Эти соревнования пользовались популярностью?

– Тяжелая атлетика в то время вообще была очень популярным видом спорта, да и сейчас, думаю, таковым остается. Мы, помимо соревнований в спортзале, поднимали штангу на импровизированных помостах в ресторанах, в больших, заполненных публикой залах, где сидели за огромными столами джентльмены во фраках и дамы в вечерних платьях. В мое время, не знаю, как сейчас, в Германии существовала профессиональная тяжелоатлетическая лига, спортсмены там тоже ведь зарабатывали деньги, а не сражались за грамоты.

Там, помнится, еще Курлович выступал за один из клубов.

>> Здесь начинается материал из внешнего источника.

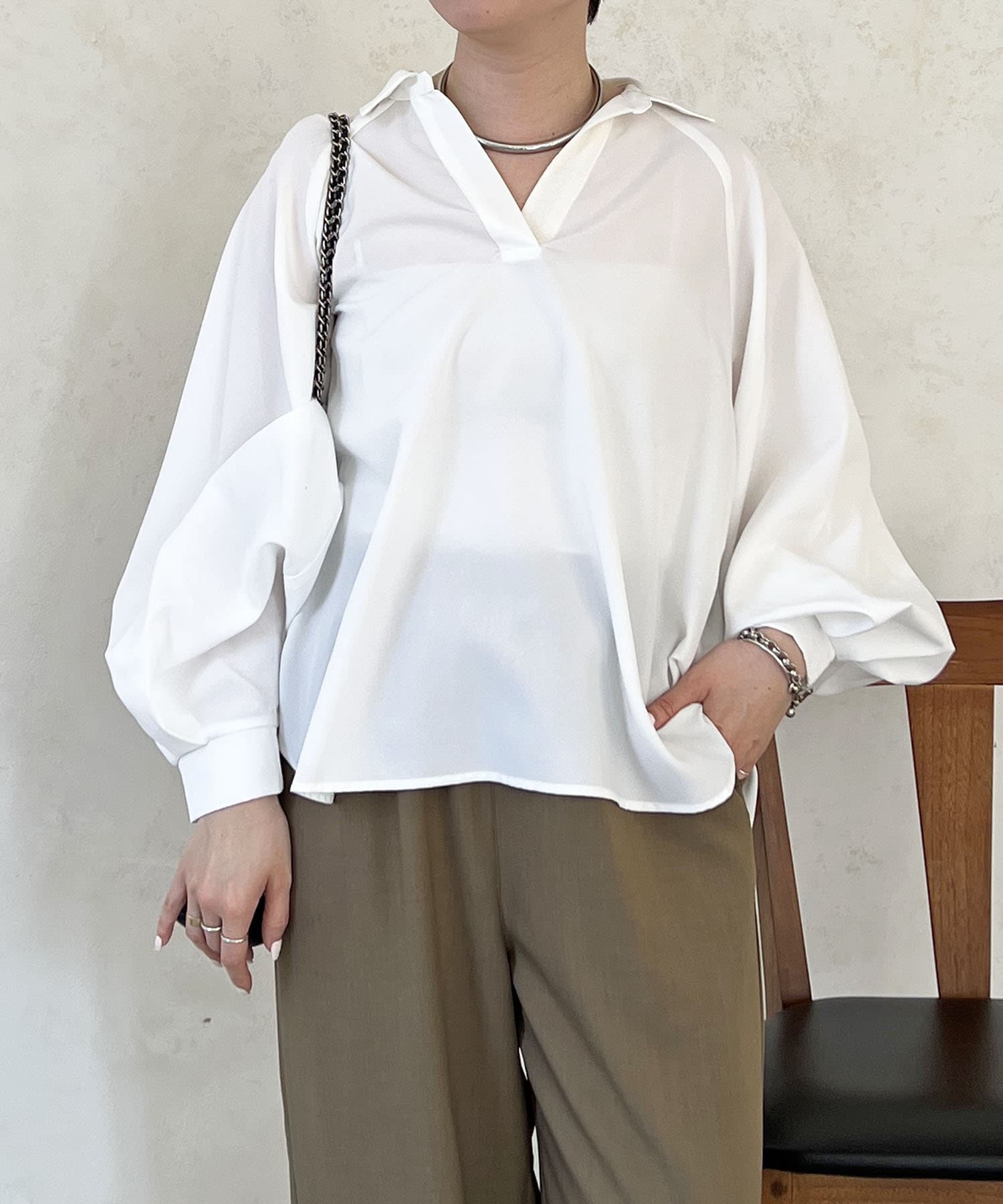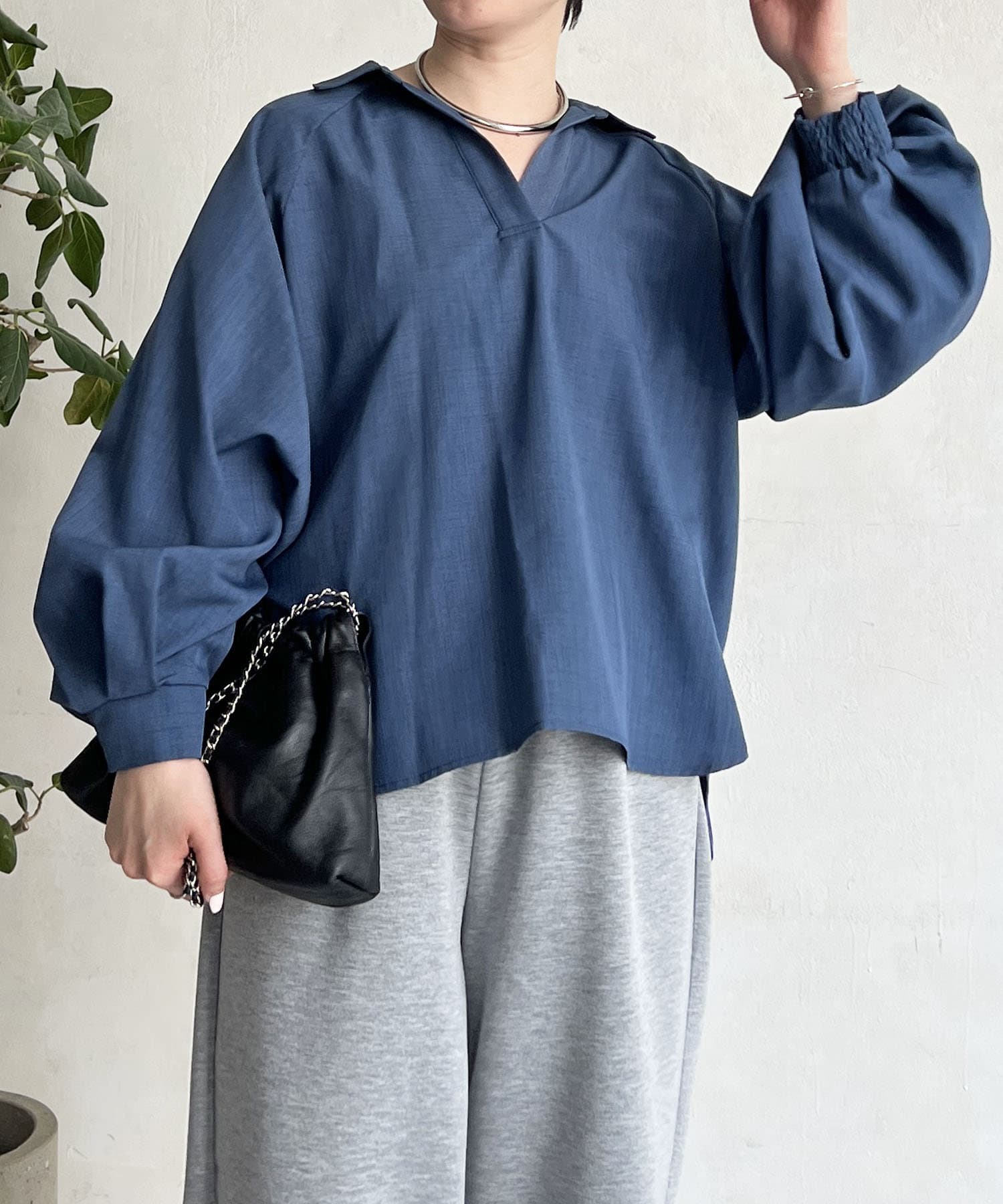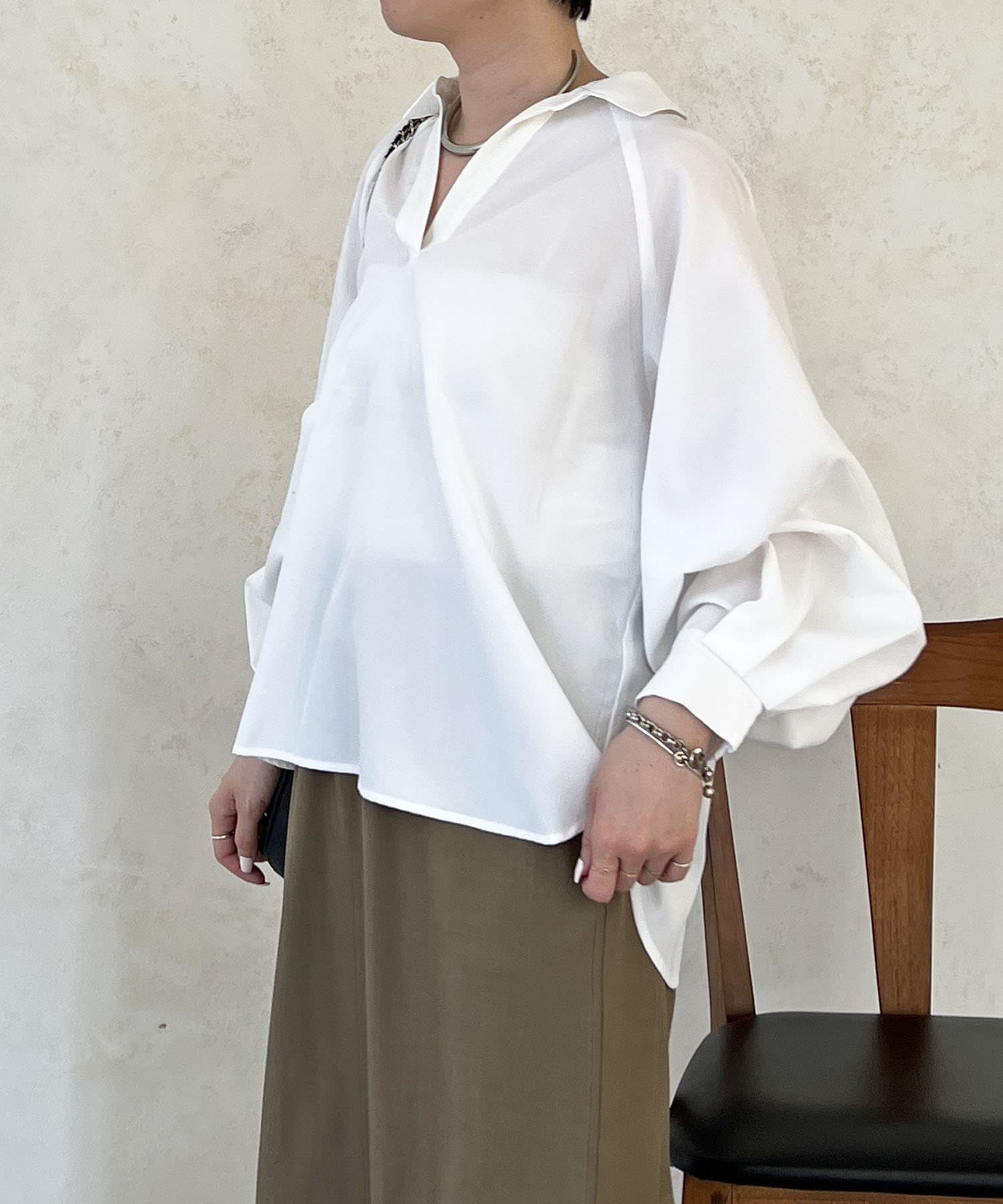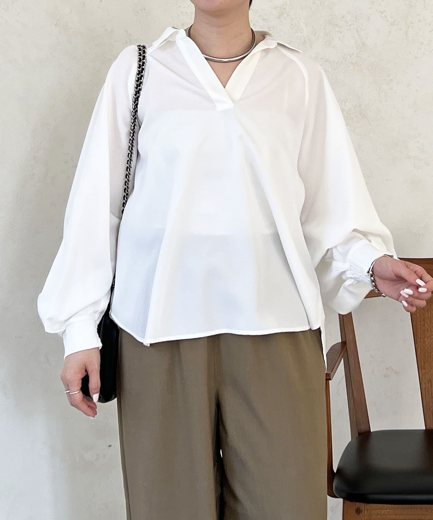 バックデザインで後ろ姿にも自信!顔回りもスッキリ見せてくれるスキッパーシャツ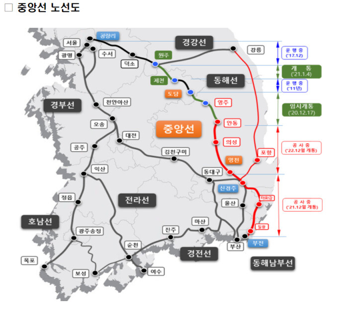 이번 개통으로 청량리에서 시작해 원주~제천~단양~영주~안동~경주~태화강(울산)~부전(부산)의 모든 구간에 KTX가 다니는 국토 종단의 간선축이 마련됐다.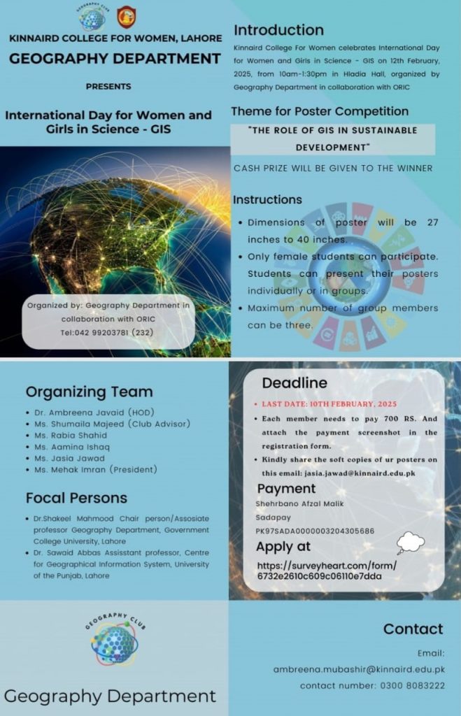Poster competition was hosted by Kinnaird business incubation center (KBIC) on 18 Feb, 2025 at Kinnaird College for women. This program aims to improve economic and social strengths of young women. Many students enthusiastically participated in the competition. This competition covered fields including of Natural, Physical, and Applied Sciences, Arts, Social Sciences, Humanities, Innovation &Technology.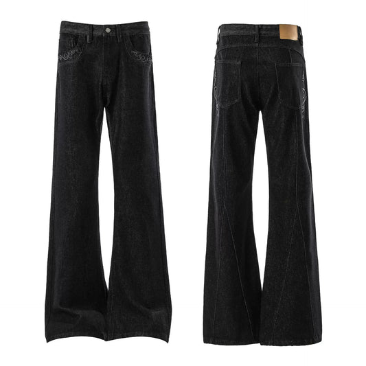 Y2K Retro Black Bootcut Denim Jeans Embroidery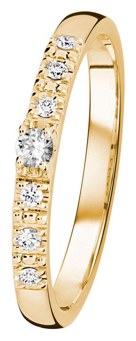 Kohinoor 033-226-10 Estelle är en fin sidostensring i 14K guld med en större diamant och sex stenar runtom sig. Bredd 2,1 mm. Kohinoor smycken tillverkas i Tavastehus, Finland.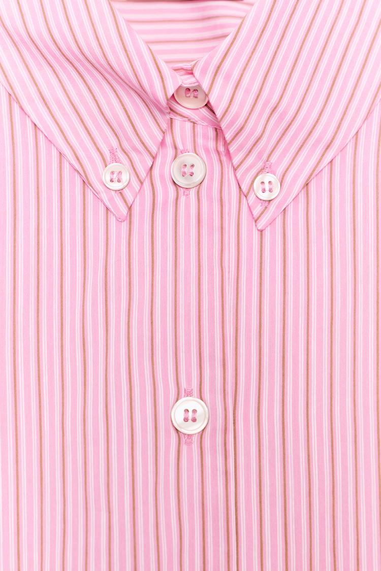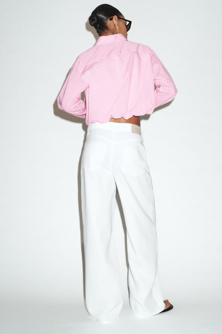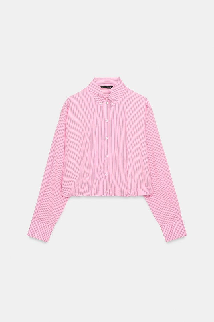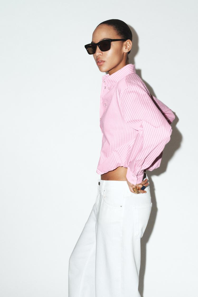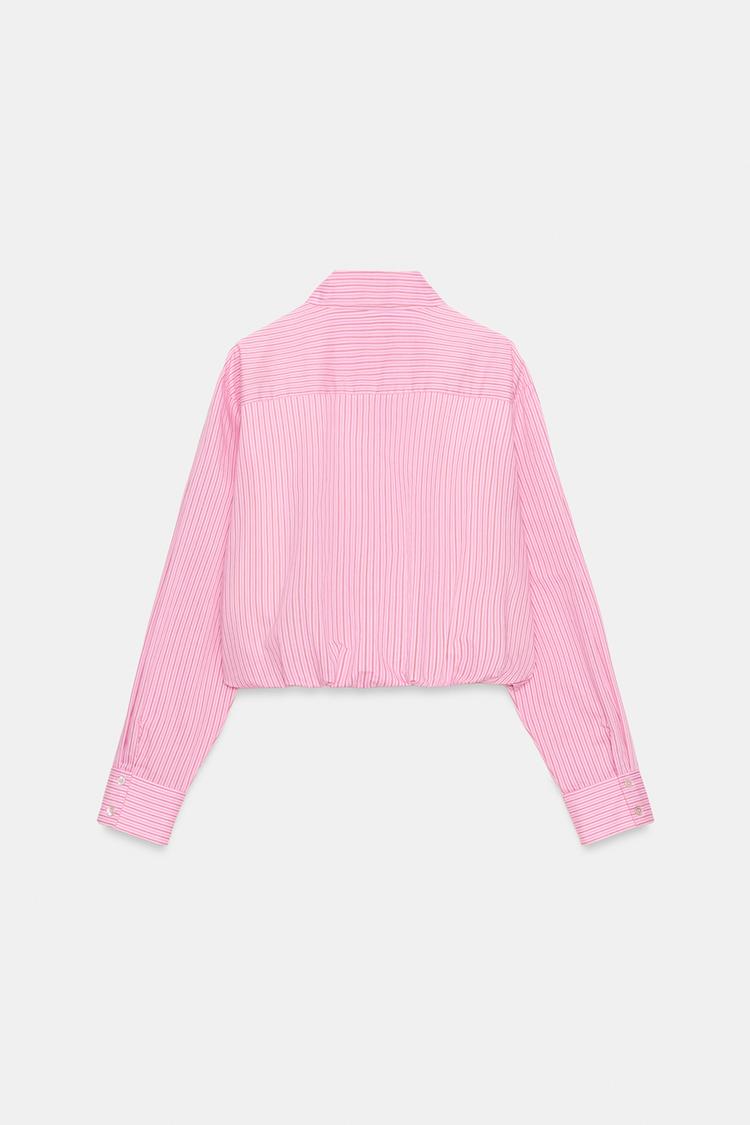 ZARA РУБАШКА ИЗ ПОПЛИНА В ПОЛОСКУ С РУКАВАМИ-БУФФ, РОЗОВЫЙ/БЕЛЫЙ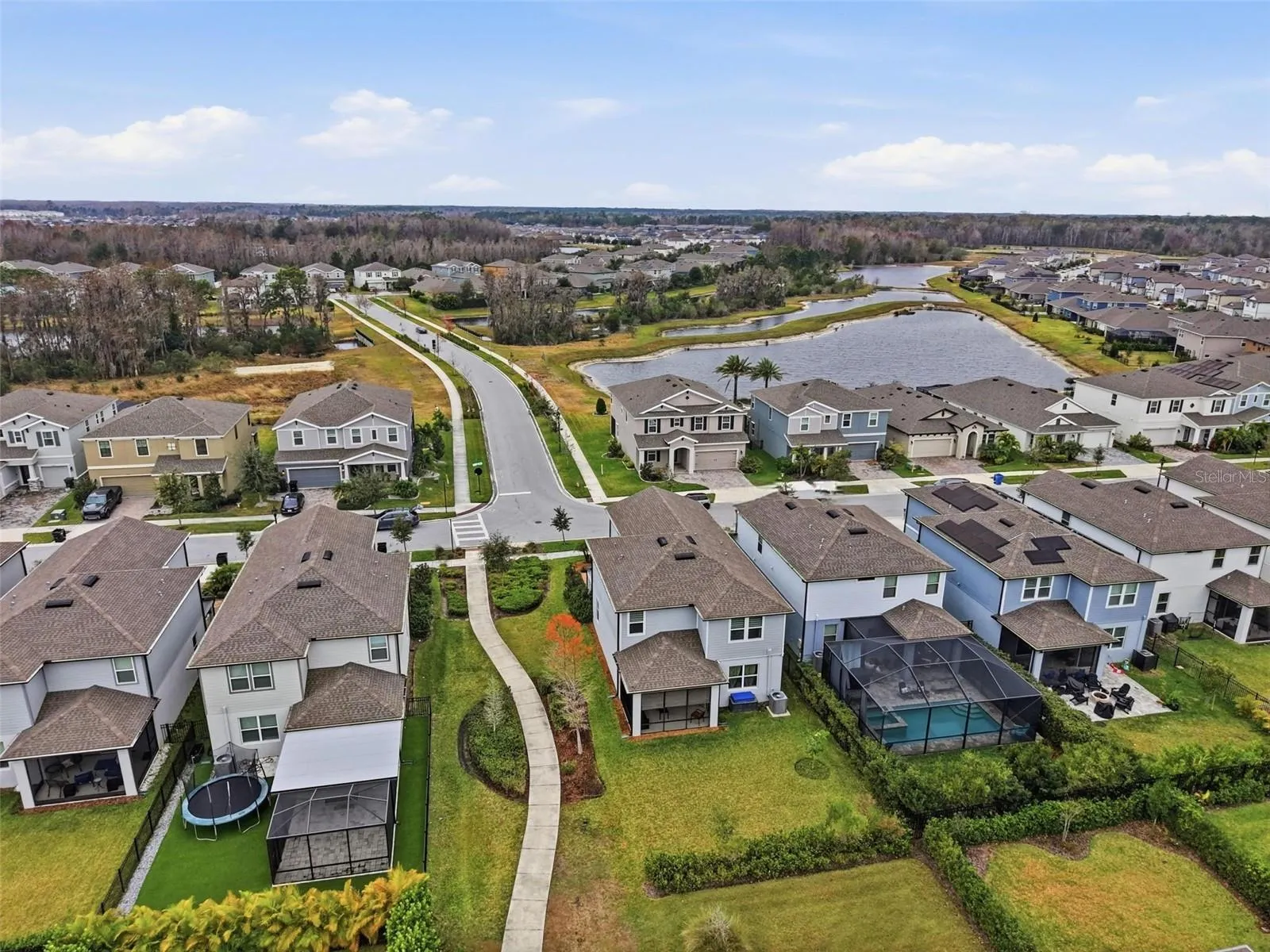 Built in 2021 and designed with family living in mind, this beautifully upgraded home offers space, comfort, and a truly walkable lifestyle in one of the area’s most desirable communities. Enjoy luxury vinyl flooring throughout, fresh interior paint, and upgraded lighting, fans, faucets, and fixtures that create a bright, welcoming feel from the moment you step inside. The open kitchen is perfect for everyday life and entertaining, featuring upgraded cabinetry, stone detail beneath the island, and a layout that keeps everyone connected. A whole-house water softener and reverse osmosis system with a lifetime warranty adds comfort and convenience for busy households. With 5 bedrooms and 3 full bathrooms, there’s room to grow, work, and relax. The spacious primary suite includes a custom closet organizer, while thoughtful tech upgrades like smart switches throughout the home and hardwired security cameras offer peace of mind. Step outside to the screened-in lanai, ideal for family dinners, playtime, or winding down after a long day. There is plenty of room to add a pool, as having a corner lot offers more space. Best of all, the home is walkable to Bexley Elementary School, as well as nearby soccer fields and a community dog park, making it easy to enjoy an active, connected lifestyle without ever needing to get in the car. Golf carts are okay in this neighborhood, and you can take a ride to one of the 2 pools, or even up to the HUB of Bexley for Dinner, entertainment, and additional activities without ever leaving the neighborhood. Modern, move-in ready, and perfectly positioned for family life—this home checks every box.

– Совершенно верно. Тогда и в самой ФРГ были серьезные атлеты, тяжеловесы в том числе, достаточно вспомнить Ронни Веллера. Да, того самого, который на чемпионате мира, уверовав в то, что его уже никто не догонит и он стал победителем, снял штангетки и бросил в зал на сувениры. А россиянин Чемеркин вышел из-за кулис с кличем «Русские не сдаются!» и поднял рекордный вес, опередив немца…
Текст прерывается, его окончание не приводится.